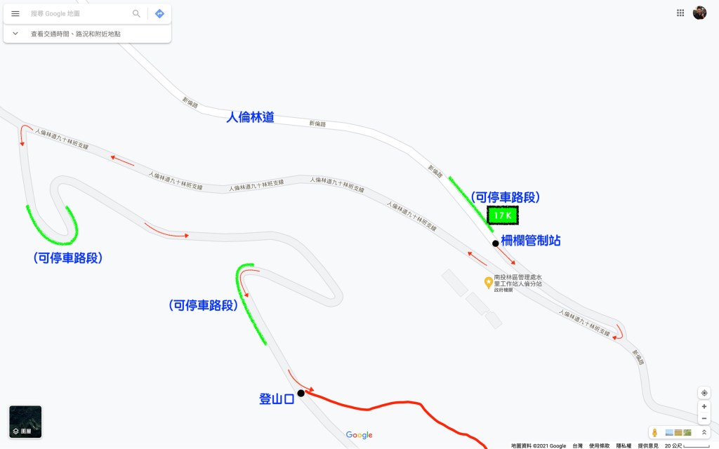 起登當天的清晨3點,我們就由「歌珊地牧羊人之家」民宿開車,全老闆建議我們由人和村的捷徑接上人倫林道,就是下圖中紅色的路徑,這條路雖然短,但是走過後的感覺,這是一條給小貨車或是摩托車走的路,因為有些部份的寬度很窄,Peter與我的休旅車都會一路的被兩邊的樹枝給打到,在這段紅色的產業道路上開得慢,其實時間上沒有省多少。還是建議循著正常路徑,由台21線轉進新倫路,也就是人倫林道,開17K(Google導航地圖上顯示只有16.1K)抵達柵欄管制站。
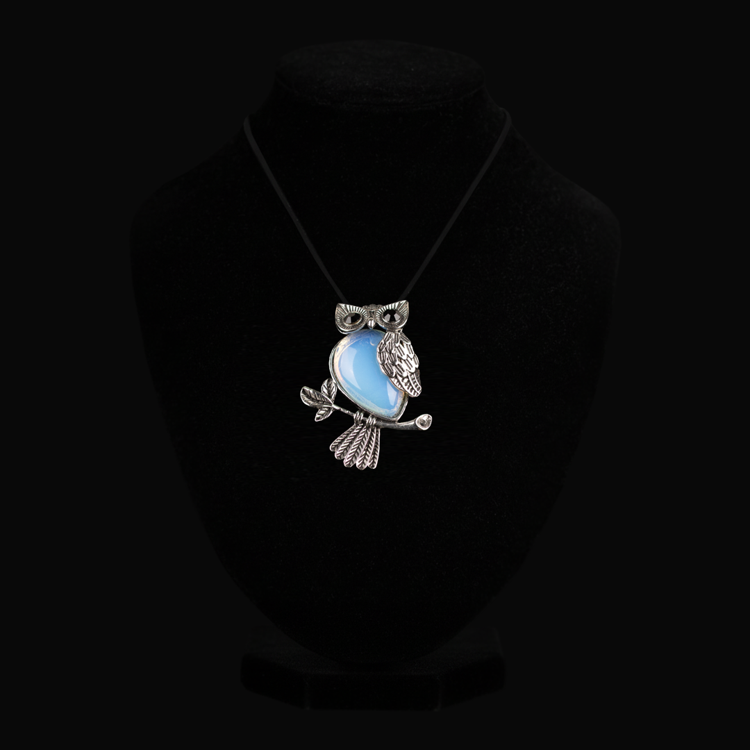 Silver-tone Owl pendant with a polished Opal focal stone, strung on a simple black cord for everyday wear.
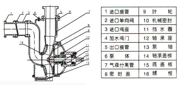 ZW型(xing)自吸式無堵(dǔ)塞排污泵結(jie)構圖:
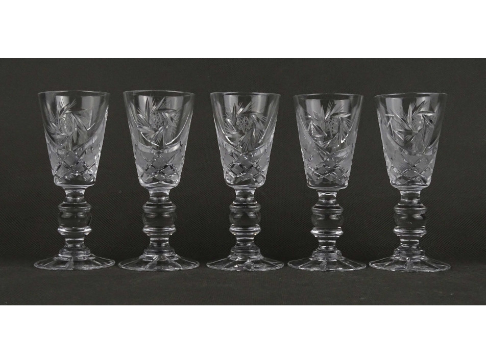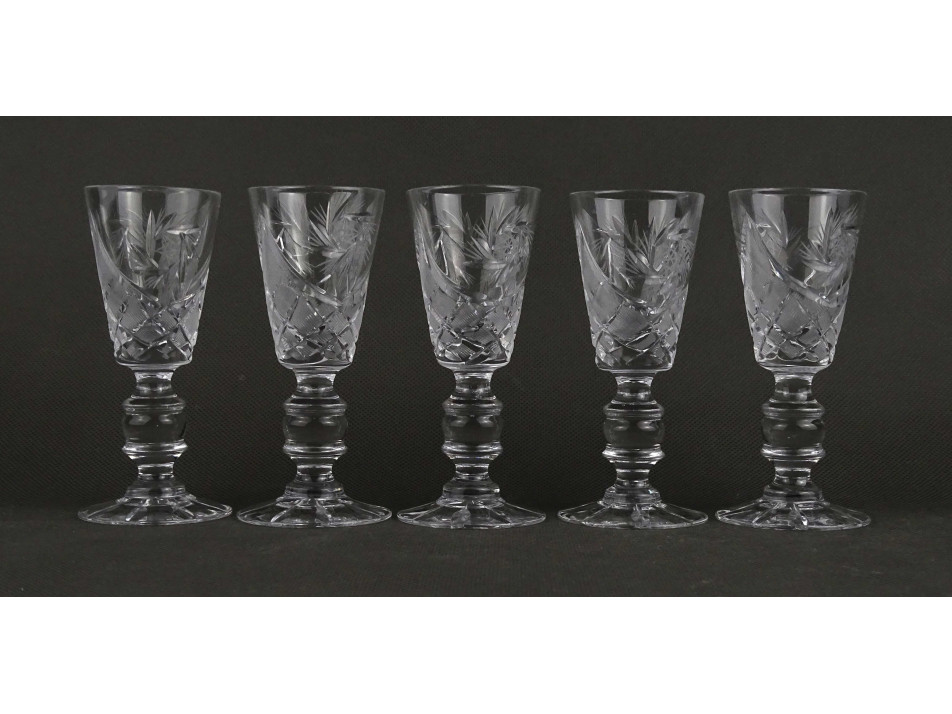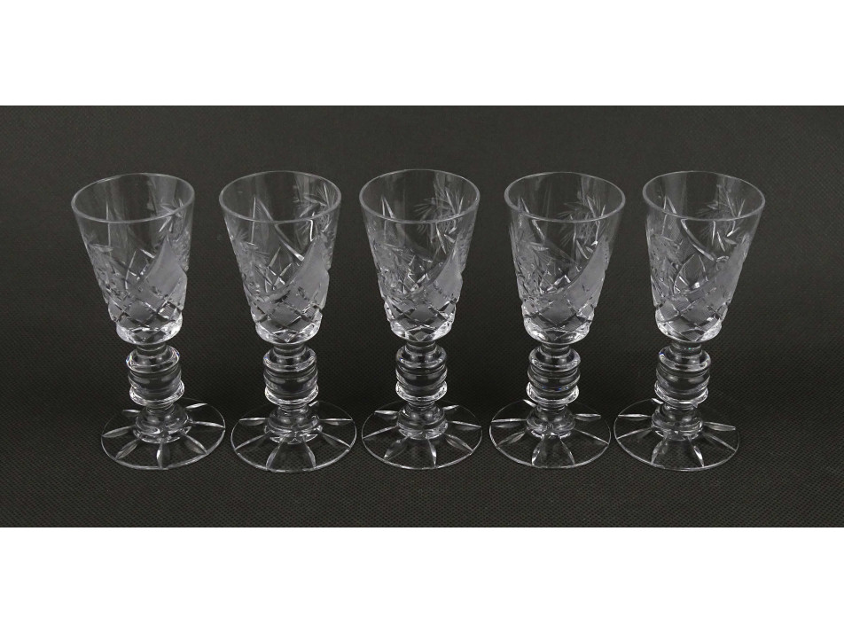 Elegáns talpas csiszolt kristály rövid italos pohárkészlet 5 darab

Problem description — Give the data above again, exactly and completely. No pictures go in.

Answer to this task —
 起登當天的清晨3點,我們就由「歌珊地牧羊人之家」民宿開車,全老闆建議我們由人和村的捷徑接上人倫林道,就是下圖中紅色的路徑,這條路雖然短,但是走過後的感覺,這是一條給小貨車或是摩托車走的路,因為有些部份的寬度很窄,Peter與我的休旅車都會一路的被兩邊的樹枝給打到,在這段紅色的產業道路上開得慢,其實時間上沒有省多少。還是建議循著正常路徑,由台21線轉進新倫路,也就是人倫林道,開17K(Google導航地圖上顯示只有16.1K)抵達柵欄管制站。
 Silver-tone Owl pendant with a polished Opal focal stone, strung on a simple black cord for everyday wear.
 ZW型(xing)自吸式無堵(dǔ)塞排污泵結(jie)構圖:
 Elegáns talpas csiszolt kristály rövid italos pohárkészlet 5 darab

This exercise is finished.